貴族らしく高貴ってそんなの創作物でしか知らないよぉ…。上品なしぐさなんて絶対にできる自信がない…。
「次に全く噛まずに、心を込めて台詞を話す」
「演技はともかく噛まないってのは自信がないなぁ…」
次の無茶ぶりも私の自信を削っていく。日常生活でもたまに噛むことがあるからいざ本番で噛まない自信はないですよ…。
「最後に、何かあればテレパシーで指示を出すが顔に出すな」
「うわぁ…これも自信ないなぁ」
テレパシーかぁ、これが一番自信ない…。せめてイヤホンに流すとかのほうが…。
《テレパシーはこんな感じだ。指示は一方通行だからお前が意見を想像しても意味ないからな》
「ほわぁ!?」
そんなことを思っていたらシュヴァルツ様のテレパシーがいきなり脳内に直接響いて私は驚いて転げそうになった。
「…本番でするなよ」
「急に耳からじゃなく脳内に直接伝えられれば誰だって驚くわ!」
大穴もそうですが何でもかんでもいきなり何も言わずにする癖はやめてくださいよ!
「ともかく、貴族として釈然とした態度で望み、最初の言葉でパーティ会場を席巻しろ。そうすれば後はどうにかなる」
「うう…緊張する」
「…安心しろ鳴神」
「へ?」
シュヴァルツ様が私の肩に手をポンと優しく当てた。私を安心させようとしているのかな?

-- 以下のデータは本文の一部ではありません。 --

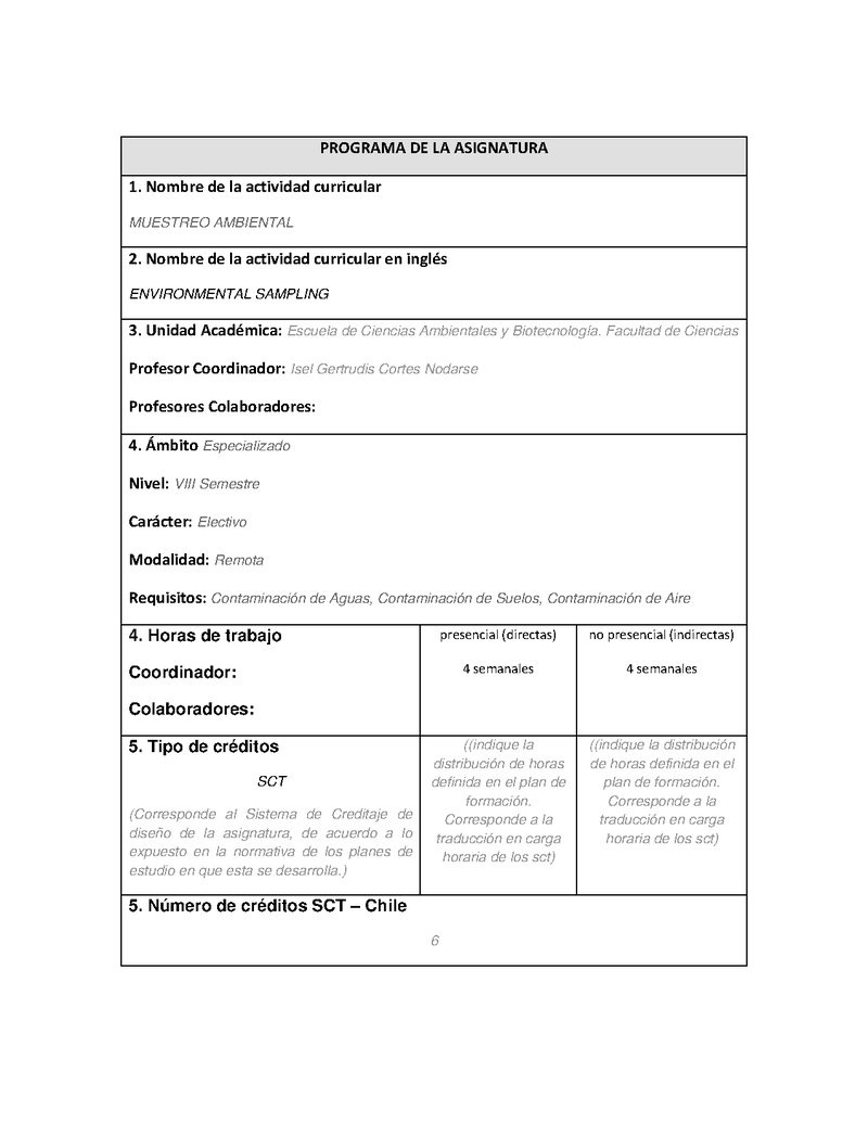 | Descripción | Programa del curso Muestreo Ambiental, 2023. | |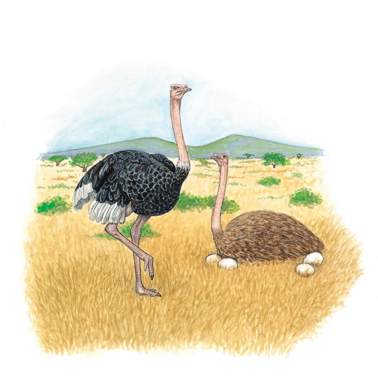 Der große afrikanische Laufvogel zählt zu den Flachbrustvögeln. In der Balz stellt das Straußenmännchen seine weißen Schmuckfedern zur Schau. Hier nimmt es mit geducktem Kopf gerade die Demutsstellung ein.

「最初は失敗したほうが謙虚になるだろうから遠慮なく玉砕してこい」
「ぜっっっっったいに成功してやりますよ!」
優しい言葉をくれるのかとちょっとだけ見直した私の心を返してほしいです!性格悪いな本当に!
多分私のやる気を上げるためにわざとやってるんでしょうけどあなたへの好感度が下がっていることも知ってやってるんでしょうね!
この神様だけは絶対に好きになれないと理解した瞬間だった。
※
「公爵令嬢!あなたとの婚約を破棄させてもらう!」
「どうしてですか!?」
「どうしてだと!そんな台詞を吐けるとは思わなかった!」
そして場面はいきなりクライマックスでした。
到着早々私とシュヴァルツ様は王子にご挨拶して、場面の移り変わりを待っていたらものの数秒で公爵令嬢が到着。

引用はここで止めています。